* What is required: The listing below must be returned in full and unchanged, without the images it carries.
*** Opening Material provided ***
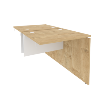 В серии есть письменные и переговорные столы с цельной столешницей, а также модульные конструкции:
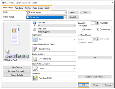 Задайте необходимите настройки за отпечатване и щракнете върху [OK].
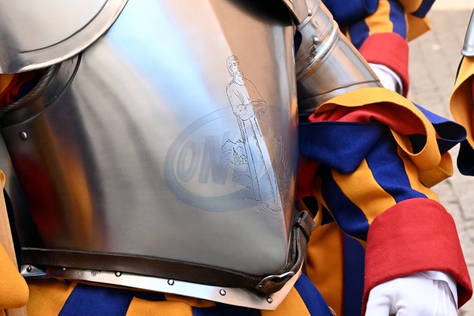 Recruits of the Pontifical Swiss Guard prepare for the oath. Vatican City 30 April 2024
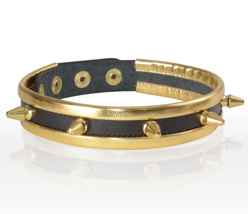 Узкий ошейник чокер из плотной натуральной высококачественной кожи черного цвета с золотой контрастной отделкой, украшенный пятью золотистыми металлическими шипами. По краю ошейника проходит оторочка, обеспечивающая комфорт при ношении. Оденьте ошейник на шею и зафиксируйте с помощью кнопок с никелированным покрытием. Ширина - 2 см.
*** Closing Material provided ***
* Written solution:
 В серии есть письменные и переговорные столы с цельной столешницей, а также модульные конструкции:
 Задайте необходимите настройки за отпечатване и щракнете върху [OK].
 Recruits of the Pontifical Swiss Guard prepare for the oath. Vatican City 30 April 2024
 Узкий ошейник чокер из плотной натуральной высококачественной кожи черного цвета с золотой контрастной отделкой, украшенный пятью золотистыми металлическими шипами. По краю ошейника проходит оторочка, обеспечивающая комфорт при ношении. Оденьте ошейник на шею и зафиксируйте с помощью кнопок с никелированным покрытием. Ширина - 2 см.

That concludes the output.